A campy Broadway show based on the film opened in 2007 to some success.
Ms. Newton-John’s smash “Physical” also yielded the first video album to hit the market, with clips for all the album’s tracks. “Olivia Physical” won the Grammy in 1982 for video of the year.
She was paired again with Mr. Travolta in the 1983 movie “Two of a Kind,” an attempt to repeat the success of “Grease.” But the film disappointed even as its soundtrack proved popular, especially the song “Twist of Fate.”
Ms. Newton-John was named an officer of the Order of the British Empire in 1979.
By the mid-’80s, her career had cooled. For several years she cut back on work to care for her daughter, Chloe Rose, whom she had with her husband at the time, the actor Matt Lattanzi. They had met on the set of “Xanadu” and married in 1984; they divorced in 1995.

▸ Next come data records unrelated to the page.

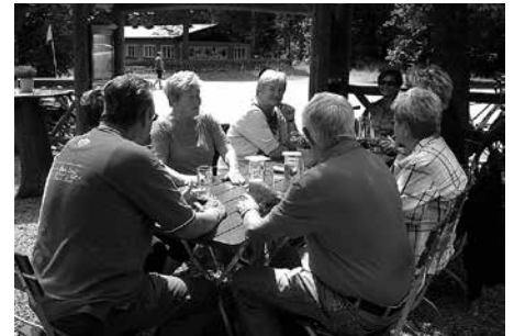
Einkehr in Weidmannsruh.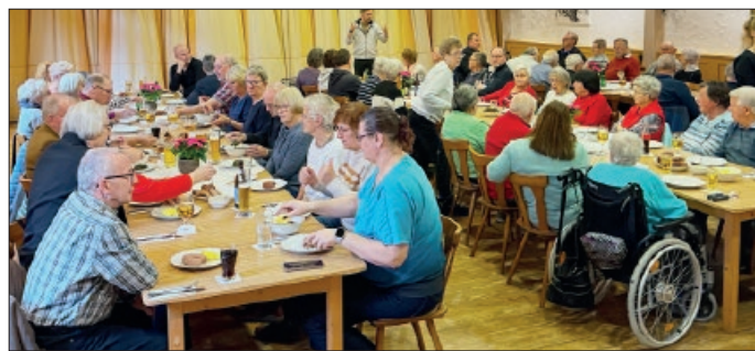
Der gut gefüllte Saal beim Braunkohllessen des SoVD-Ortsverbands Algermissen: Mitglieder und Gäste im angeregten Austausch mit dem Vorstand.

Bevor der reichlich aufgetischte Grünkohl mit frischer, geräucherter und gebrühter Bregenwurst serviert wurde, informierte Sürig über die bevorstehenden Veranstaltungen des Ortsverbandes. Dazu gehören unter anderem das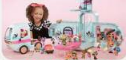
LOL GLAMPER + PLAID LOL OMAGGIO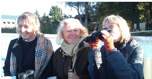
Guidad tur på Helge å.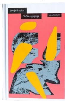
Lucija Stupica: Točke izginjanja (LUD Literatura)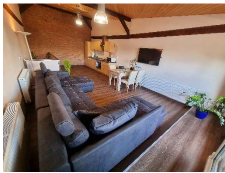
offene Küche mit Wohnzimmer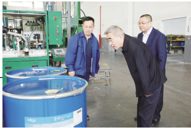
●领导在临基地考察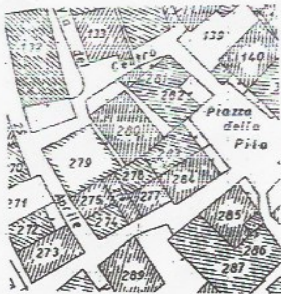
Estratto Mappa M.C.T. Foglio 21 Mappale 283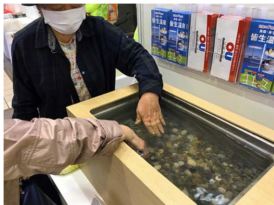
温泉の体感コーナー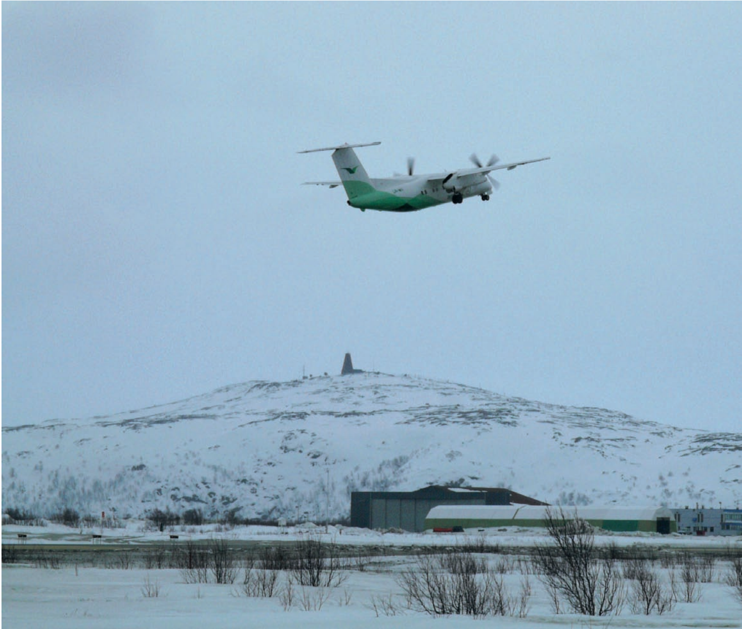
Girdi lohtana Girkonjårgga girdišiljus.

Girdiruvtto gaskal Girkonjårgga ja Murmánska lea geahč- čaluvvon mángga geardde. Widerøe girddii dán guovllus, ja ruvttu heaittihuvvui beannotjagi maŋŋá sivas uhcán mátkkošteddjiid. Dál girdá Aeroflot Nord gaskal Romssa– Murmánska. Norwegian pláne álggahit ruvttu gaskal Oslo ja Murmánska. Danne ii oro dárbu álggahit ođđa ruvttu boahttevaš áigodagas.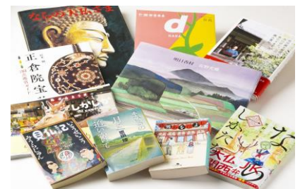
『まひるの月を追いかけて』 恩田陸 『鹿男あをによし』 万城目学 など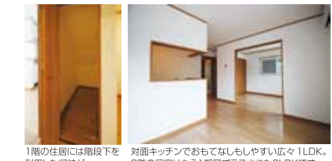
1階の住居には階段下を利用した収納が 対面キッチンでおもてなししやすい広々LDK。2階の居室はもう1部屋プラスされた2LDKです。

去る6月20日(土)21日(日)の2日間、当社による新築アパートの完成見学会が行われ、土地活用を考える多くのお客様のご来場をいただきました。 今回完成した物件は重層タイプと呼ばれるアパートで、1階LDK、2階2LDKの6世帯分の玄関が1階にそれぞれ配され、住む人のプライバシーに配慮した造りになっています。共有階段や外廊下を持たないため、共有部分の掃除やメンテナンスの負担が少ない点が皆さんのメリットにもなります。 また当日は同時に戸建賃貸住宅も見学することが出来ました。重層タイプは1~2人暮らしに、戸建タイプはファミリー層に人気の賃貸住宅です。弊社では施工はもちろん、市場とタイ

That same year, she met Patrick McDermott, a cameraman whom she dated, on and off, for the next nine years. In 2005, Mr. McDermott disappeared while fishing off the California coast. Three years later, a U.S. Coast Guard investigation said that the evidence suggested that Mr. McDermott had been lost at sea.

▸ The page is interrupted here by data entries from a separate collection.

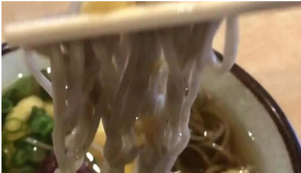
荒神の里 笠そば スープ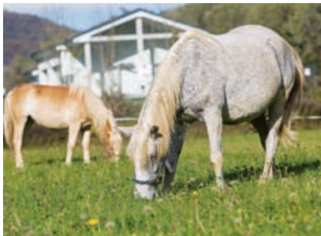
Okoljska dajatev je namenjena izboljšanju infrastrukture za odvajanje odpadne vode v občini.

Zavezanec za plačilo okoljske dajatve zaradi odvajanja komunalne odpadne vode je pravna ali fizična oseba, ki je uporabnik stavbe (lastnik, najemnik ali druga oseba, ki uporablja stavbo ali del stavbe), v kateri nastaja komunalna odpadna voda, in onesnažuje okolje z odvajanjem te vode (v greznico, kanalizacijo, malo komunalno čistilno napravo (MKČN) oz. neposredno v okolje). Obveznost plačila okoljske dajatve obenem velja za vse stalno in začasno prijavljene prebivalce v stavbi na območju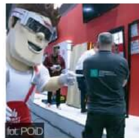
#Co słycać na MONTERIADZIE 2020

Strona główna | Oferta | Publikacje | Sieć sprzedaży - kontakt | Praca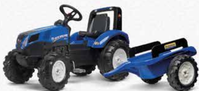
New Holland T8 | ref. 3090B Ean code : 3016200309024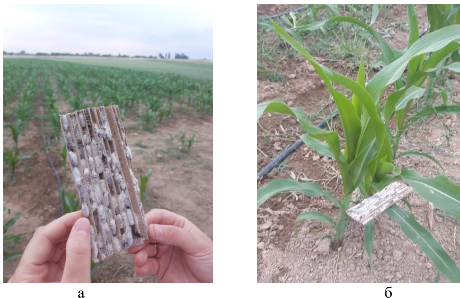
Рисунок 4 -

92,5 – 100%. При этом процент зараженности болезнями был на уровне 0,8 – 1,7%, против 97,5% в контроле.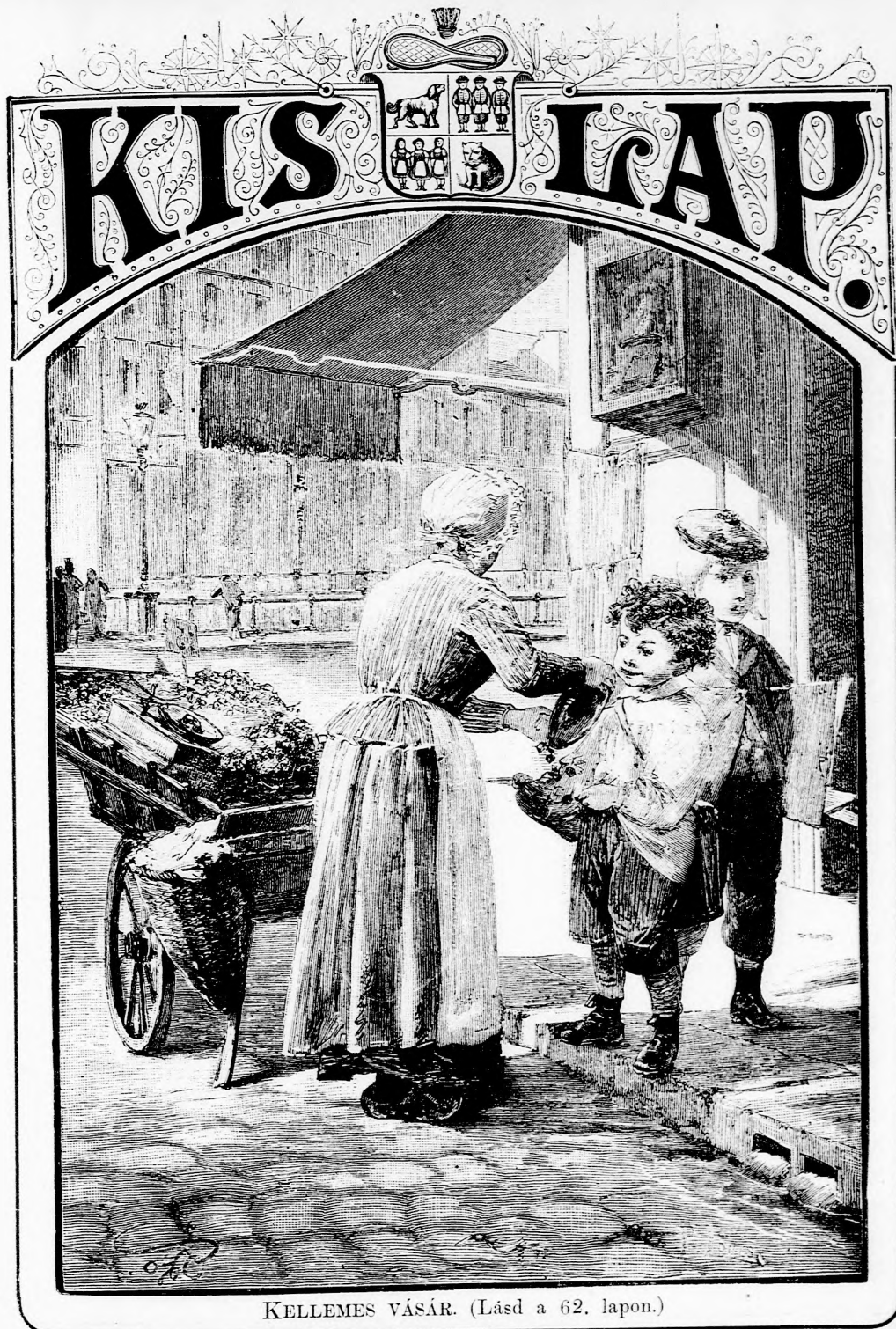
KELLEMES VÁSÁR. (Lásd a 62. lapon.)

In 2008, Ms. Newton-John married Mr. Easterling, the founder of the Amazon Herb Company.
In addition to her husband, she is survived by her daughter, Chloe Rose Lattanzi; her sister, Sarah Newton-John; and her brother, Toby.
After learning she had breast cancer in 1992, Ms. Newton-John became an ardent advocate for research into the disease. Her Olivia Newton-John Foundation Fund is dedicated to researching plant-based treatments for cancer, and she opened a cancer research and wellness facility under her name at Austin Hospital, outside Melbourne.

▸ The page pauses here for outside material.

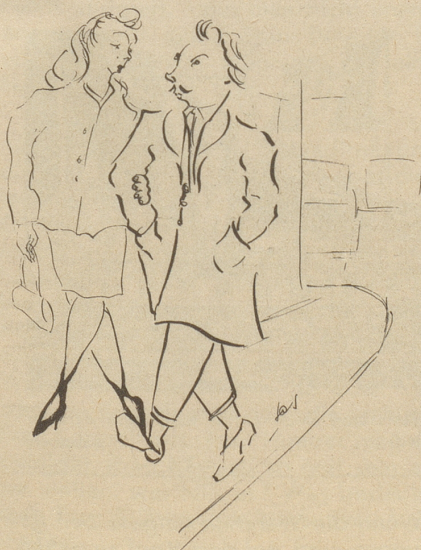
«Ich hau's über de Sunntig is Schügebiet!» «Häsch Gäld?» «Sowieso. Ha d'Schii verhauff.»

Wenn die geplagte Hausfrau nach wochenlangen Kämpfen, die sie teils in den Inseratenseiten eines guten Dutzends Zeitungen, teils auf fast ebenso vielen Stellenvermittlungsbureaux abgespielt haben, schlussendlich eine «Perle» im Haus hat (nicht nur versprochen auf dem Papier!), so kann man das Hochgefühl, das die Siegreiche durchbraust, höchstens mit dem Gefühl des Sisyphos vergleichen, das dieser allenfalls gehabt hätte, wenn es ihm je gelungen wäre, seinen Felsmücken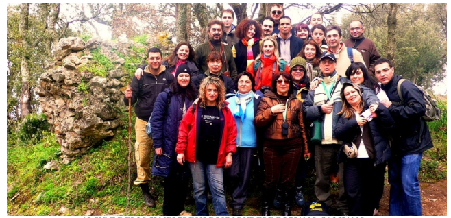
ALCUNI DEI SOCI NEI PRESSI DI UN RUDERE DI PIANO CASCIANO

Alle porte del Parco Nazionale dell'Aspromonte: San Giorgio Morgeto, una cittadina dalle caratteristiche strette vie arricchite da innumerevoli scale e vicoli (alcuni dei quali raggiungono la larghezza minima di appena 40 centimetri). La cittadina è stata visitata in un pomeriggio di densa nebbia, che ha impedito l'ottimale visione del Castello, dei Palazzi Fazzari, Ambesi, Florimo e Corrales, delle Chiese di Sant'Antonio da Padova, di Santa Maria Assunta, di Santa Maria della Pietà, di Santa Maria del Carmine, e del Convento dei Domenicani. La visita del borgo è stata preceduta da un'escursione a Monte Palombaro ed a Monte Campanaro, alla riscoperta del Piano Casciano dove sorgeva l'antica Altanum, utilizzata dai Lo cresi per il controllo degli abitanti tirrenici della Piana.

Despite her own treatments, she continued to release albums and tour but failed to make headway on the charts. And she continued to act in movies and on television.
In May 2017, she disclosed that her cancer had returned and that it had metastasized to her lower back. She published a memoir, “Don’t Stop Believin,’” in 2018.
To the end Ms. Newton-John firmly believed in her audience-friendly approach to music. “It annoys me when people think because it’s commercial, it’s bad,” she told Rolling Stone. “It’s completely opposite. If people like it, that’s what it’s supposed to be.”